▶ [Task data]:
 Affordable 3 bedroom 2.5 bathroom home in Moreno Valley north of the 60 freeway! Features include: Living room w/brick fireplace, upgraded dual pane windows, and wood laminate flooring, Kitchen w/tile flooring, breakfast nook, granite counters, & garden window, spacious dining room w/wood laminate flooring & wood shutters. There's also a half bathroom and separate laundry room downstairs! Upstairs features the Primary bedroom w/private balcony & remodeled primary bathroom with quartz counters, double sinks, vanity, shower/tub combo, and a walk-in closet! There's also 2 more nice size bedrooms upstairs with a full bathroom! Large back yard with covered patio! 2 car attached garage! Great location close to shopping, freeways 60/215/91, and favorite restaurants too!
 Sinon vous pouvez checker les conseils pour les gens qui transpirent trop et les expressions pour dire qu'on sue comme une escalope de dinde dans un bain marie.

--

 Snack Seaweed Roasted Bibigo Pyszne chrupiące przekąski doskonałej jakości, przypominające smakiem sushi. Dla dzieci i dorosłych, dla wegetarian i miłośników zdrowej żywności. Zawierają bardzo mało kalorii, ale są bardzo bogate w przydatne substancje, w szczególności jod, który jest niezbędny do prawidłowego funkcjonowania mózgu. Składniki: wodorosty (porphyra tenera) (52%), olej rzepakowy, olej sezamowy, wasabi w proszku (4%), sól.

▶ [Task details]:
The range runs from the line above containing "Affordable 3 bedroom" to the line containing "Sinon vous pouvez", inclusive. Restate those lines word for word and no others.

▶ [Answer to the problem]:
 Affordable 3 bedroom 2.5 bathroom home in Moreno Valley north of the 60 freeway! Features include: Living room w/brick fireplace, upgraded dual pane windows, and wood laminate flooring, Kitchen w/tile flooring, breakfast nook, granite counters, & garden window, spacious dining room w/wood laminate flooring & wood shutters. There's also a half bathroom and separate laundry room downstairs! Upstairs features the Primary bedroom w/private balcony & remodeled primary bathroom with quartz counters, double sinks, vanity, shower/tub combo, and a walk-in closet! There's also 2 more nice size bedrooms upstairs with a full bathroom! Large back yard with covered patio! 2 car attached garage! Great location close to shopping, freeways 60/215/91, and favorite restaurants too!
 Sinon vous pouvez checker les conseils pour les gens qui transpirent trop et les expressions pour dire qu'on sue comme une escalope de dinde dans un bain marie.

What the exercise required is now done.